It was an exceedingly dumb move on the part of the McCain campaign to allow Gibson and Couric to have long, drawn out interviews with Palin that they could later splice and edit to show whatever they chose. That just set things up for problems, and for questions about details few other candidates are asked about.
And, no, Parker’s made no good points because they were long, gotcha interviews designed to ask questions they knew a governor barely two weeks on a national ticket would not have dealt with. Bush, Reagan, Clinton and Carter as governors had long prep times for interviews before they announced a run for president because they planned to run and prepared, and had time to prepare. Palin had virtually no notice, and the little time she had was used to prepare for the convention, not for policy study on every imaginable issue.
I don’t think there has ever been a governor put on a national ticket so suddenly in our memory, with so little time to prepare. All that happened is a testament to the utter stupidity of the McCain campaign for allowing interviews of that length, with those particular journalists as Palin’s very first interviews after accepting the nomination.

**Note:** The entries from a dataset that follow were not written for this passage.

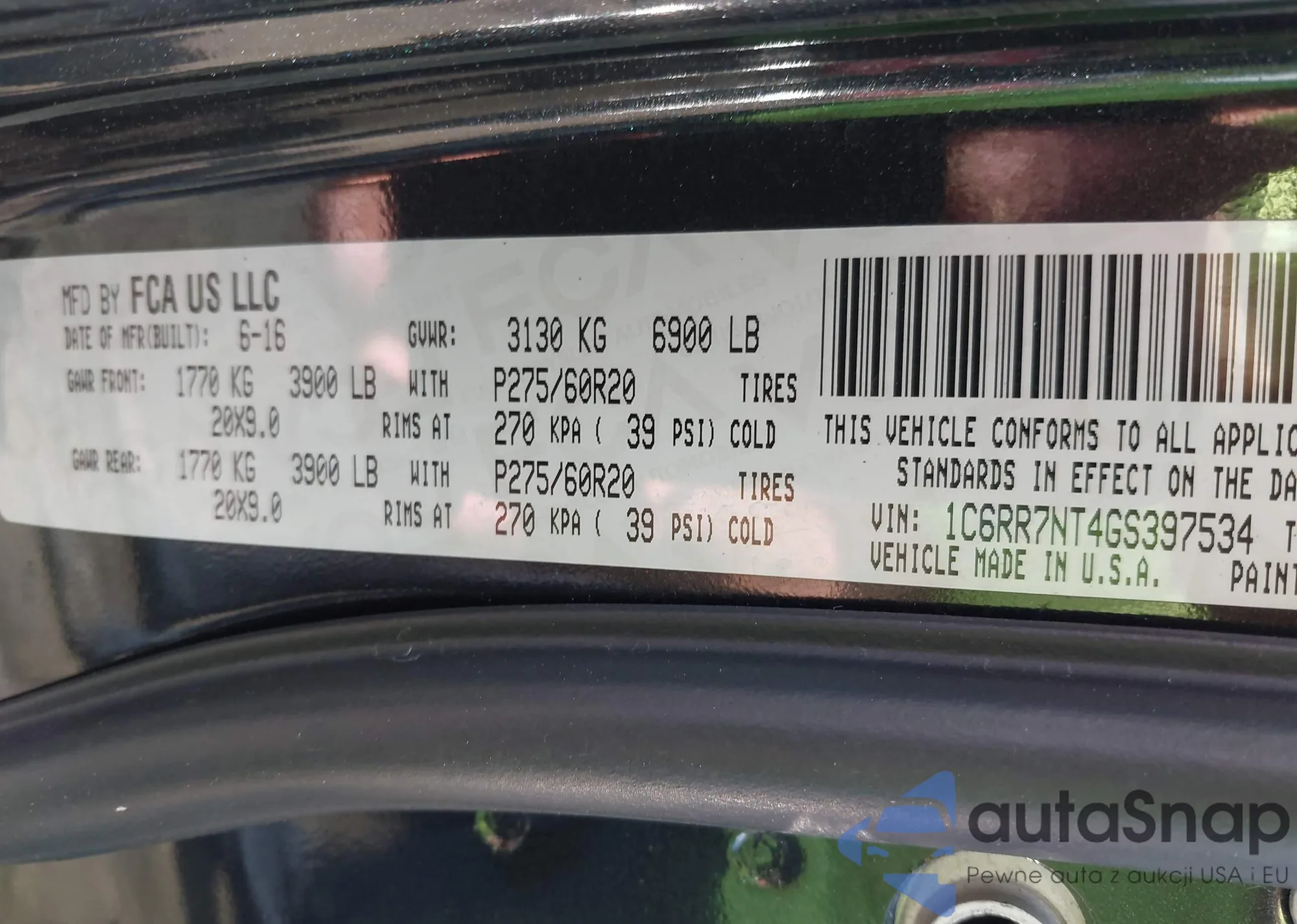 • VIN 1C6RR7NT4GS397534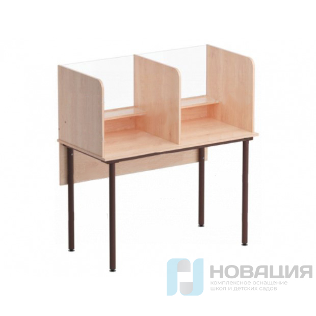 Стол рассчитан на двух учеников. Кабинки выполнены из ЛДСП, торцевые части облицованы ПВХ-кромкой. Передняя стенка стола изготовлена из стекла. Стол оснащен отверстиями для прокладки проводки с выходном на рабочую поверхность.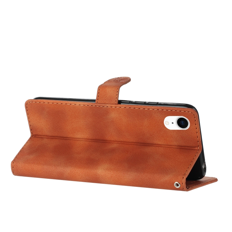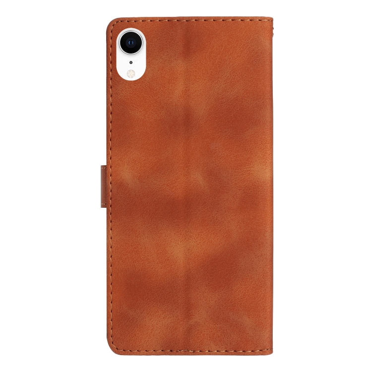 Funda de Teléfono iPhone Xr Cuero Estampado Flores En Relieve (Marrón)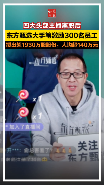 四大头部主播离职后,东方甄选大手笔激励300名员工,授出超1930万股股份,人均超140万元

Parker is a bogus conservative, piling on for some reason known only to her. Any half sensible person knows there is a lot to prepare for when going from governor to a national ticket, and no one has had less time to prepare than Governor Palin.
The McCain campaign handling of a very bright and capable, enormous addition to the ticket has been utterly and totally stupid and incompetent. The question is can she (and they) recover, or has their ineptness and hamhandedness tainted and diminished a bright young star in the party.
That’s what I know about this situation.
McCain needs to learn to let the MSM spit and fume and whine. They are not his friends (has he ever learned that), and he loses little or nothing by making them adapt to his timetable, and not the other way around.